§ What to produce: Return nothing but the lines from the one with "WhatsApp / Viber" through the one with "Schrank II coll." in the data below, word for word and without pictures.

§ Information shown:
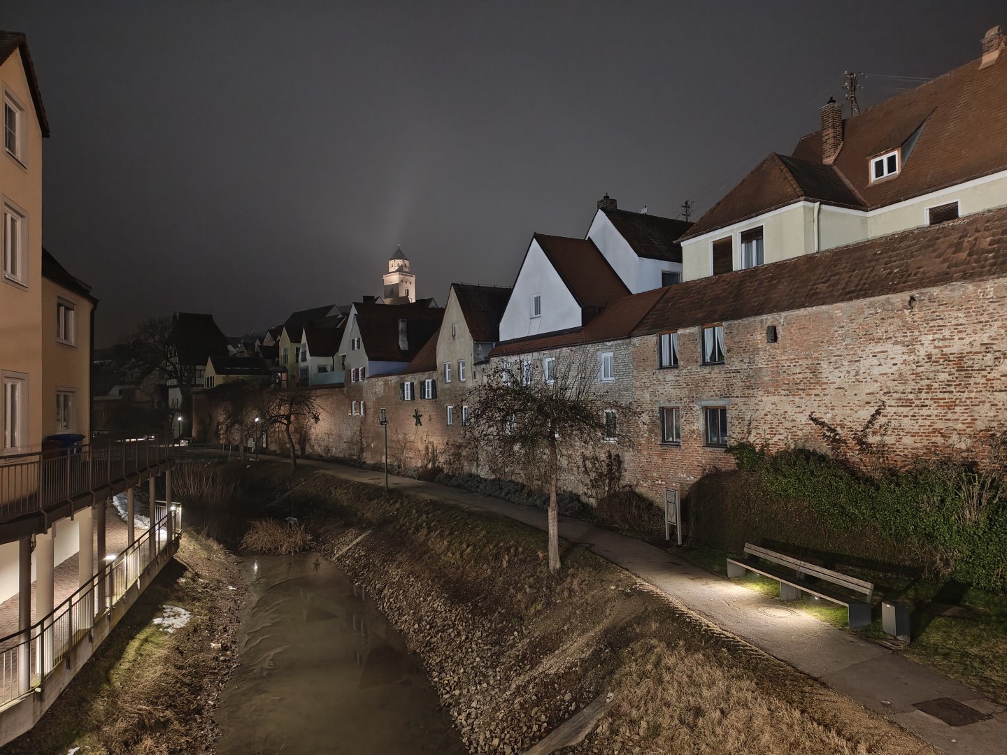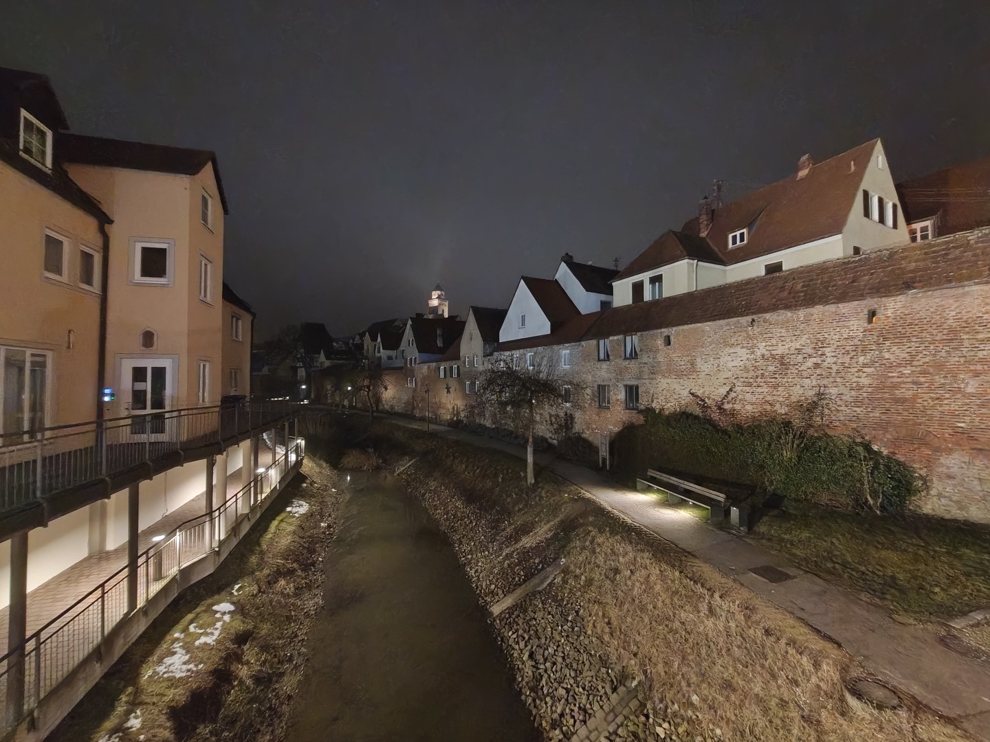 Nachtfotos mit der Ultrawide Kamera sind brauchbar. Das Motorola Edge 70 zeigt hier zwar nochmal deutlich matschigere Texturen auf Distanz, insgesamt aber eine gute Lichtausbeute, einen schönen Dynamikumfang und kein auffälliges Bildrauschen. Auch dunkle Szenen lassen sich noch mit brauchbaren Schnappschüssen einfangen. Bei Nacht ist etwas mehr Verzerrung am Bildrand sichtbar. Der Nachtmodus aktiviert sich auch hier automatisch.
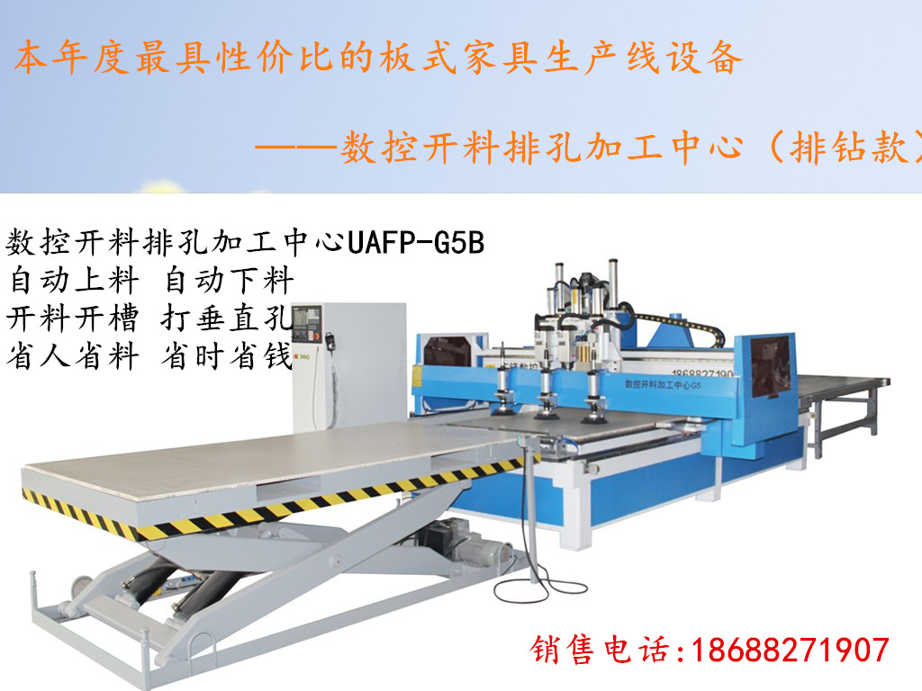设备功能:自动上料、开料开槽、开异形料、打垂直孔、自动下料;
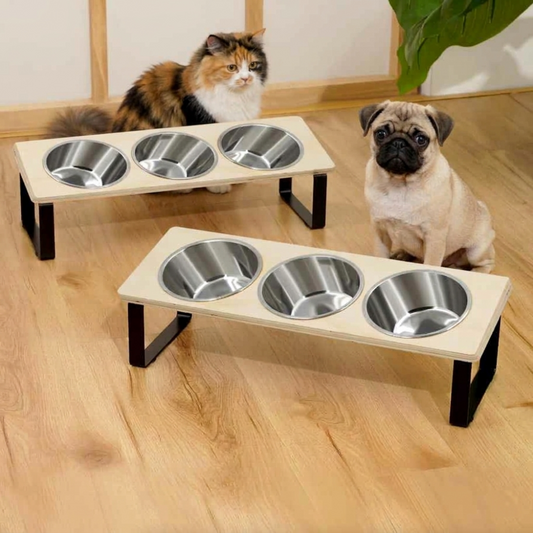 Elevated Tilted Cat Feeder Stand with 3 Stainless Steel Bowls
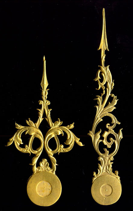 Alle hier aangeboden wijzers zijn replika's van originele antieke modellen en zijn haarscherp vacuüm gegoten in messing. De wijzers zijn afgewerkt maar zonder wijzerbus, optioneel verguld. |
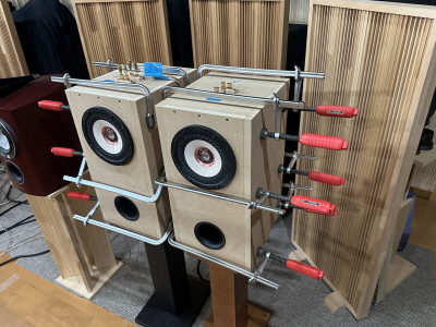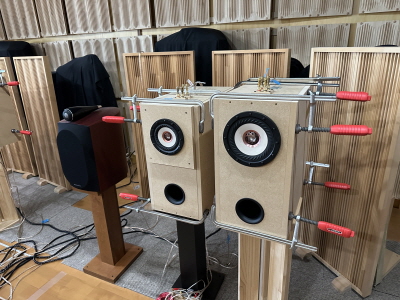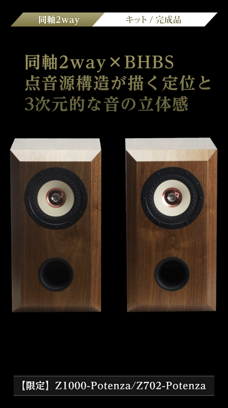 最初に結論を言うと久しぶり?の音工房Zらしい音でした。低域モリモリでサブウーファー無しでも十分な低域+同軸型2ウェイの高域と、上下?に伸びているため非常にワイドレンジな仕上がりでした。うっかり最後まで用意していていただいていたスーパーツイーターを追加してもらうのを忘れてしまったほどです。さすがに16cmウーファー+BHBSは低域の圧がすごかったです。16cmはZ1000(Z701)-FE168SSHP 以来で暫くぶりに聴きましたが、迫力は10cmまでのユニットでは聴くことができないものでした。小型ユニットの繊細な音も捨てがたいものがありますので、曲によって使い分けるのがベターですね。同軸型ユニットの特性と点音源を考慮した面取りバッフル(完成品のみ)などのため大味な音ではなく、解像度の高い定位とTangbandの高級ユニットに共通する艶っぽい音色が楽しめます。フルレンジと比べてもネットワークに時間を割いた効果が現れていて自然な繋がりです。但し、いじれる要素も多いので設定によって好みが分かれそうですが、自分好みの音に仕上げる楽しみと考えればこれはメリットと考えていいのではと思います。
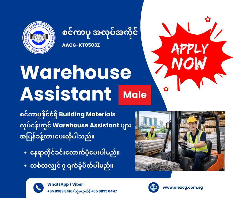 WhatsApp / Viber +65 8899 0447, +65 8989 8416 မှာ အလုပ်လျှောက်ပါ။
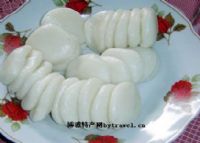 白糍粑,糍粑之一。此食品是逢年过节的特有食品。它是以上等糯米为原料,将糯米掏洗净后浸透,放入蒸笼内,蒸至熟软松化。捞出放入石舀内,两人用木棒捣碎后上锅蒸。将蒸熟的糯米饭捣烂成软韧的糍粑,捞在盆内,趁热分成小团,再将小团捻扁成圆形,每个糍粑厚约一公分,直径一般15至20公分。婚嫁用的,则做到30至40公分,还要在白糍粑上剪贴“龙凤呈祥”、“吉祥如意”等字样。如将白糍粑放入碱水内,可保存数月,随时可取出洗净食用,汤煮、煎烤均可。此食品具有美味香甜、松软爽口等特点。
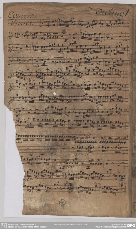 Schrank II coll. Scan of Mus.2423-O-38a, SLUB Dresden. RISM 212002869. Contains only the first (Vivace) and third movement. Many changes by Pisendel.
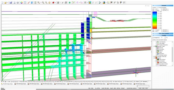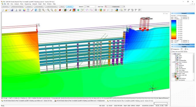 Первоначальная численная оценка реакций грунта и установленной системы крепления котлована была выполнена с использованием двумерного конечноэлементного анализа в программе Rocscience RS2 (рис. 5) и анализа методом конечных разностей в программе FLAC 3D, разработанной американской компанией Itasca Consulting Group. Однако для более детальной и реалистичной оценки того, как строительство повлияло на существующую инфраструктуру, было проведено трехмерное численное моделирование на основе метода конечных элементов в программе Rocscience RS3.
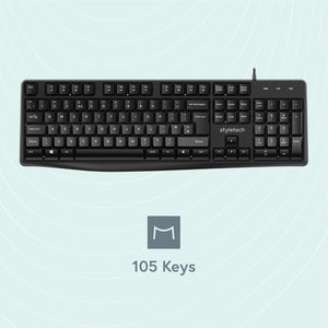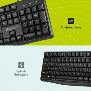 styletech USB-Powered Wired Keyboard for Windows PC Black

§ Written answer:
 WhatsApp / Viber +65 8899 0447, +65 8989 8416 မှာ အလုပ်လျှောက်ပါ။
 白糍粑,糍粑之一。此食品是逢年过节的特有食品。它是以上等糯米为原料,将糯米掏洗净后浸透,放入蒸笼内,蒸至熟软松化。捞出放入石舀内,两人用木棒捣碎后上锅蒸。将蒸熟的糯米饭捣烂成软韧的糍粑,捞在盆内,趁热分成小团,再将小团捻扁成圆形,每个糍粑厚约一公分,直径一般15至20公分。婚嫁用的,则做到30至40公分,还要在白糍粑上剪贴“龙凤呈祥”、“吉祥如意”等字样。如将白糍粑放入碱水内,可保存数月,随时可取出洗净食用,汤煮、煎烤均可。此食品具有美味香甜、松软爽口等特点。
 Schrank II coll. Scan of Mus.2423-O-38a, SLUB Dresden. RISM 212002869. Contains only the first (Vivace) and third movement. Many changes by Pisendel.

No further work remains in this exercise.